The key performance indicator (KPI) recorded as an indication of patient care quality in ED is the time taken from triage to being first seen by a doctor. There is no data collected for the time my friend spent in the waiting room with unmanaged pain and unassessed symptoms. 

After triage, my friend was seen in 30 minutes by a doctor. The record at RNS will show he was seen in 30 minutes. 

At Blacktown Hospital, the record would show my friend was seen in 2 hours and 10 minutes.

And just like this, the truth has been edited. RNS is so focused on optimising their metric that the patients’ experience is largely disregarded. This is a prime example of an organisation prioritising measures over their customers. While this can lead to dire consequences in such an important setting, can RNS really be to blame? 
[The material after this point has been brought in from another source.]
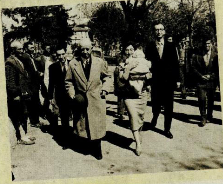
İsmet İnönü, kızı Özden ve oğlu Erdal ile, 1957.

Public hospitals in Sydney are run by KPIs. They are designed to maintain a baseline quality of healthcare in a complex and immense system. When a hospital's funding, their lifeline, is based on these numbers, they're incentivized to twist the truth. 

From my personal experience working in these hospitals, I know the numbers on a page don’t always reflect reality. As the adage goes “When a measure becomes a target, it ceases to be a good measure.”

So much of the work we do revolves around data, we need to remember that the data lies. And as scientists and healthcare professionals we can take a leaf out of the books of our UX colleagues and start with the user experience first.